Sikorski, who heads the small club, was full of pride as he showed off a photo album of Lewandowski’s first team in 1997.
“We had just launched a class for boys born in 1988. Robert’s dad was a fan of Polonia Warsaw, our rivals from across the street, but that year they didn’t take kids born in 1988, so he reached out to us for his son’s first training,” Sikorski told AFP.
“Robert was small and scrawny, the tiniest in the group, but with the biggest heart and the most talent. The smartest of them all. You could see it from the get-go,” added Sikorski, who coached Lewandowski until he was 17.
– ‘Tragic’ pitch –
Varsovia was a small schoolboy club formed in the late 1950s, and had only rudimentary facilities.
“The pitch, it was all dirt and sand. In the spring and fall, it was tragic. You had to constantly flatten it,” Sikorski said.
“When it was hot, we watered it to limit the dust but as soon as it dried in the sun, it went back up in clouds. After every match, the guys were all black.”
The club does not have space for winter training, which means the boys play in the snow or at facilities leased from other Warsaw clubs.
The dirt ground has been replaced with synthetic turf but Varsovia still could not afford to cover the pitch for the winter.
“At first, we thought it would just be a training class,” Sikorski said of Lewandowski’s first team.
“But we quickly saw that it was a good team, so we signed them up to compete. It was a masterstroke! They always brought back medals.”
In 2002, the team went to a tournament in Germany. Lewandowski saw his future Bayern Munich stadium for the first time.
“The guys couldn’t get over seeing the beautiful pitch, the changing rooms, the equipment… a dream stadium,” said the coach.
Since he was little, Lewandowski said he would play for the national team, that he would be the best.
At 17, Lewandowski joined the Legia Warsaw reserve team, but was dropped.
“They cut ties with him, saying he was too weak, too gentle,” Sikorski said. “Robert almost fell into a depression, but they must regret it to this day.”
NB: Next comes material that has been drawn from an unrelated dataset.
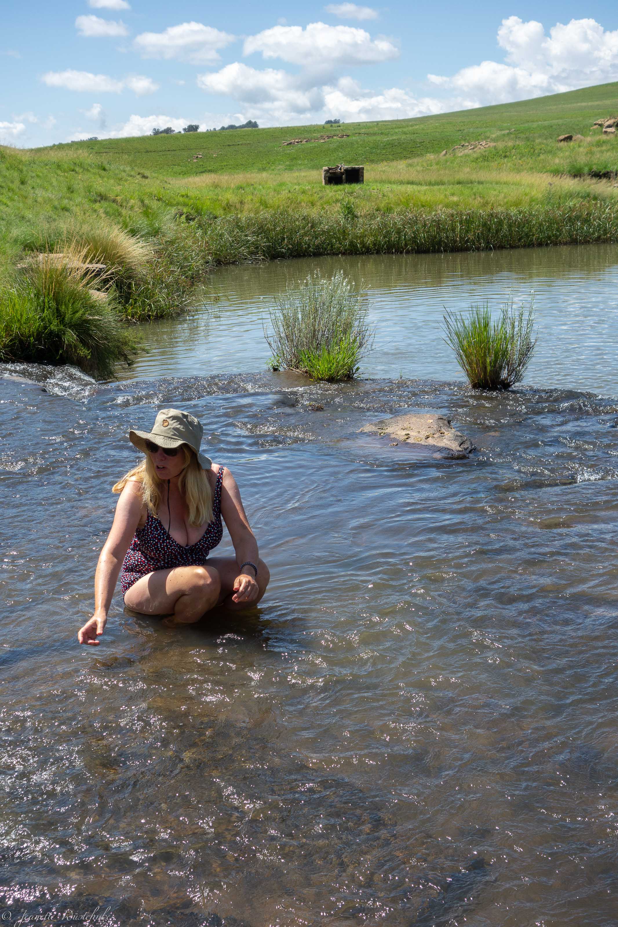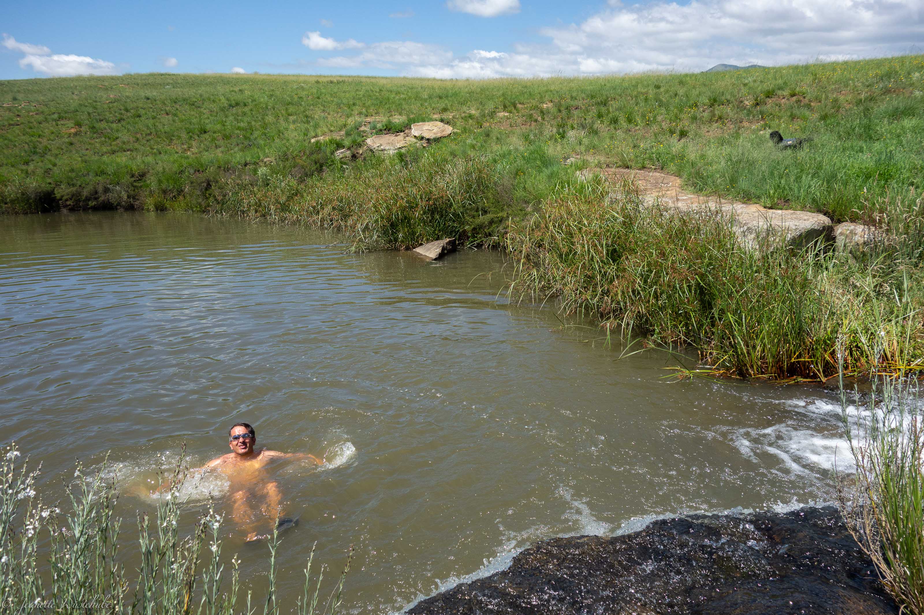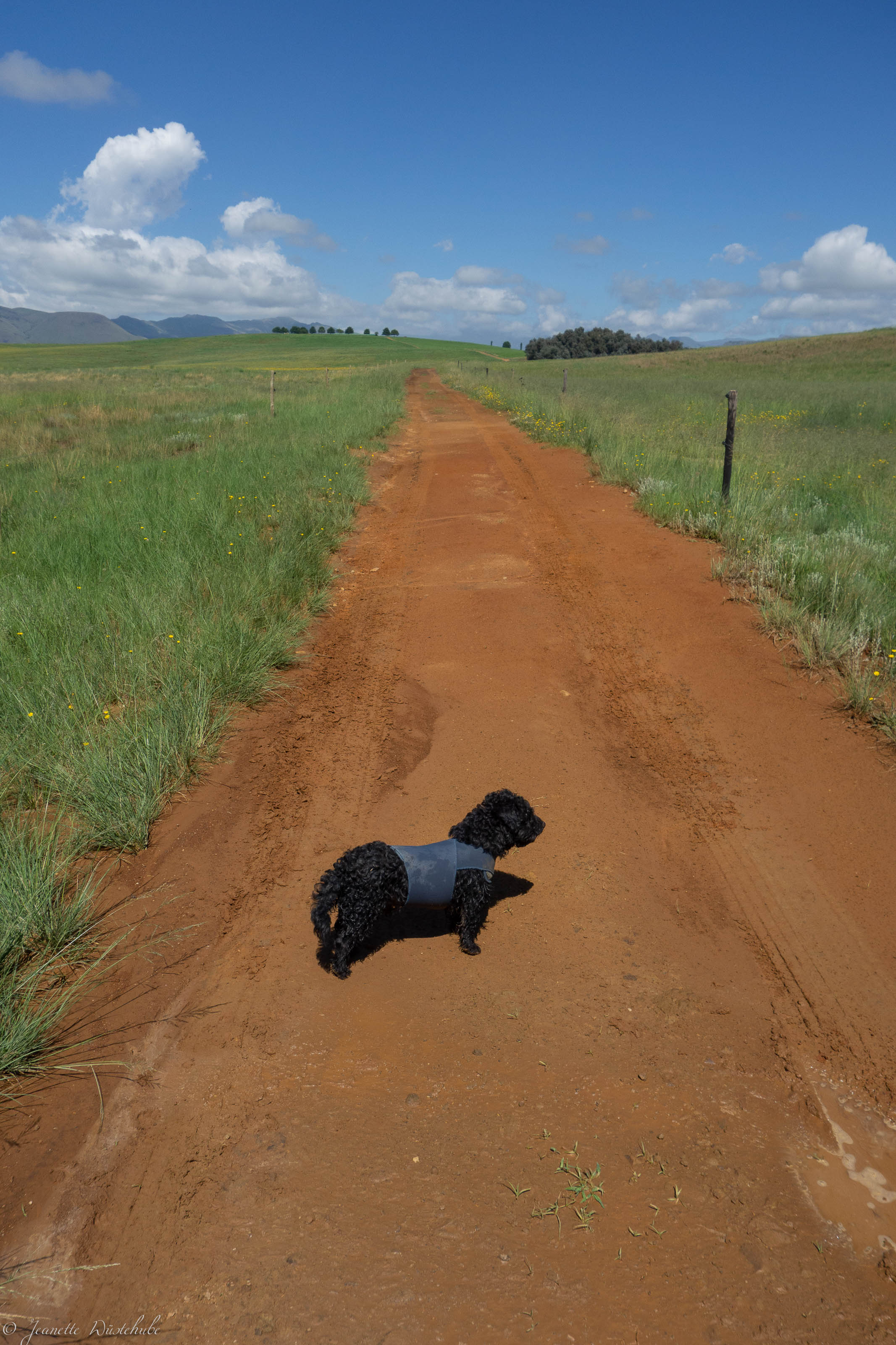 Ich dachte eigentlich, er würde vielleicht ein paar Meter mitkommen und dann umkehren, aber er machte keine Anstalten zurückzulaufen. Ich war nicht undankbar, dass er vorauslief und so mögliche Schlangen aufschrecken konnte. Der Weg war einfach zu laufen und nach etwa 2 Kilometern wies ein Schild uns den Weg zum Rock Pool. Wir sahen jede Menge Witwenvögel und anderes Gefieder. Dann ging es auf einem mit Gras bewachsenen Feldweg noch knapp 1,5 Kilometer weiter. Je näher wir dem immer besser zu hörenden rauschenden Wasser kamen, desto schneller wurde der Hund. Außer uns war kein Mensch zu sehen. Es war herrlich. Der natürliche Pool, der sich im langsam fließenden Fluss gebildet hatte, hatte genau die richtige Temperatur, um sich abzukühlen. Und wir hatten ihn komplett für uns! Wahnsinn!

Lewandowski’s career took off when he arrived at Lech Poznan in 2008, before leaving for Germany, where he became the best striker in the Bundesliga while playing for Borussia Dortmund and now Bayern Munich.
He made history at the start of this season by coming off the bench to score five goals in nine minutes in a 5-1 rout of Wolfsburg. A Bundesliga record.
At 12, Tomasz Dabrowski already has six years under his belt at Varsovia. The football addict and Lewandowski fan is among 700 youths enrolled in the club.
“To be like Lewandowski, you have to work hard during training, concentrate before every match and then play as well as possible,” he said.
Or, as Sikorski put it: “Love the ball like Lewandowski, and the ball will love you too.”